绿洲贸易这架机器,在昆楚庞大体系的边缘,转得稳当。差猜——或者说差猜——名下的那3.5%干股,像枚不起眼却实在的徽章,别在他越来越沉得住的气场里。
他开始有意识地、用“股东”加“引荐人”的双重眼睛,去看那些同乡。
不再只靠王涛零碎的消息或娜拉格式化的报告,周报、月度绩效、偶尔的线上部门会,他都开始留心。
学得快,枯燥的数字里能看出产量波动、损耗不对劲,主管汇报里的弦外之音,也能听出几分。
柱子最让人省心。从仓库分拣干起,因为心细、肯学、力气大,三个月就调去了物流调度组跟老师傅学配车、跑线路。话不多,交办的事却件件踏实。
每月工资,刨去基本开销,大半准时汇回国内。差猜看过汇款记录,数字一次比一次好看,附言永远就那几个字:
“妈,买药,安心。” 每次看到这个,他心里那点被人情拴着的郁结,会松一丝缝。
李强开头也还行,包装线上手脚麻利,虽说有点小油滑,但规矩还算守。问题出在另外俩人身上:
一个是村长家的孙子李栋,一个是邻村来的王海波。李栋心气高,总觉得出力气“丢面子”,对主管派活阳奉阴违,嘴里总念叨“要干就干大的”。
王海波闷葫芦一个,可眼神老是飘,像揣着很重的心事。
娜拉那边报过来些零星情况:李栋抱怨宿舍挤、食堂菜没油水,私下跟人吹“我爷是村长”、“我砚哥是公司股东”。王海波被逮到几次上班打瞌睡,有回差点弄坏货,挨了口头警告。

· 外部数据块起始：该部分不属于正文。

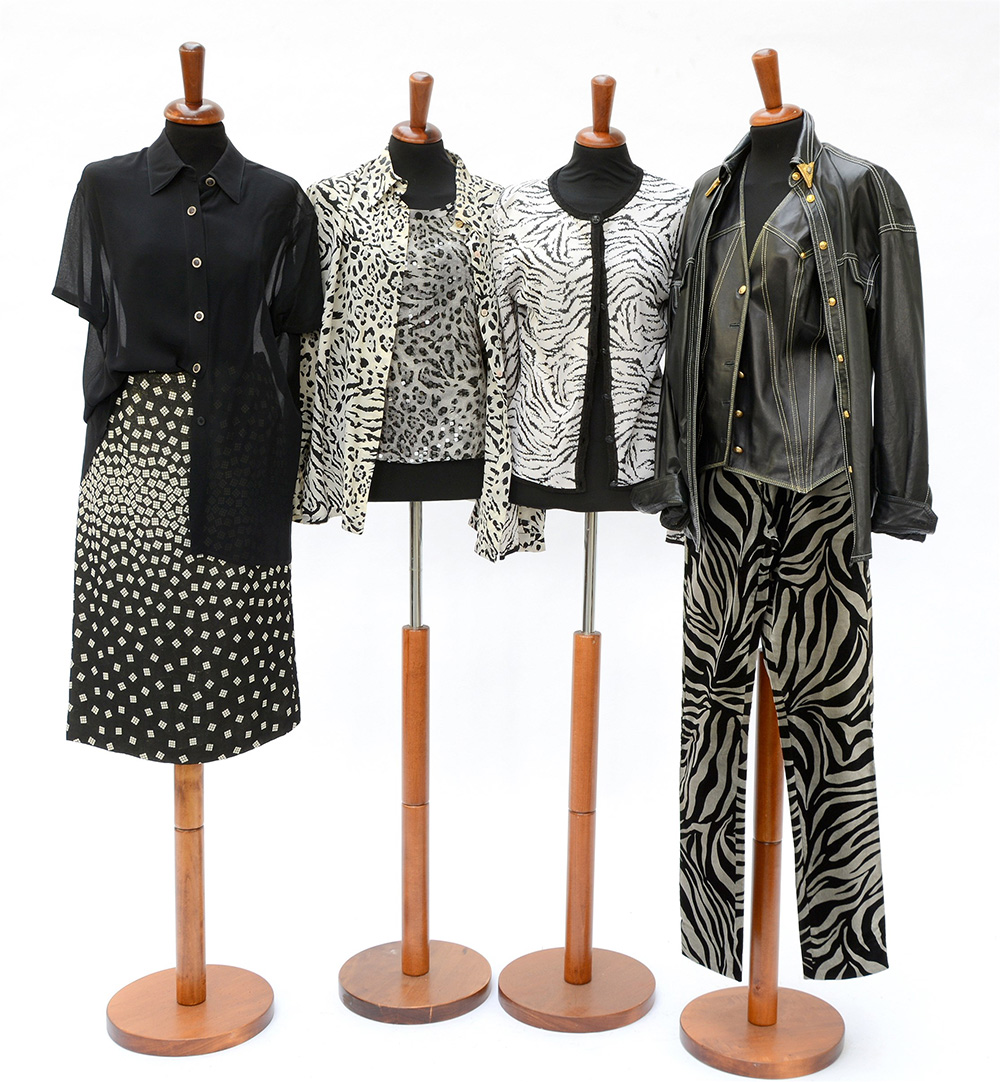 Lotto composto da una giacca in pelle e gilet con dettagli color oro, un paio di pantaloni, una gonna e cinque tra maglie e camicie, tutto sui toni del bianco, nero e grigio, fantasie per lo più animalier (tg. 40/42) (difetti e segni d'uso)

差猜起初没太当回事。年轻人刚出来,不适应、有情绪,难免。
他让王涛私下多提醒,自己也琢磨着找机会跟他们聊聊。可没等他腾出手,风就刮起来了。
源头像是李栋。不知怎么搭上个在清迈开中餐馆的华裔老板,姓陈。都说这陈老板“门路广”,能带人玩“刺激的”、“来钱快的”。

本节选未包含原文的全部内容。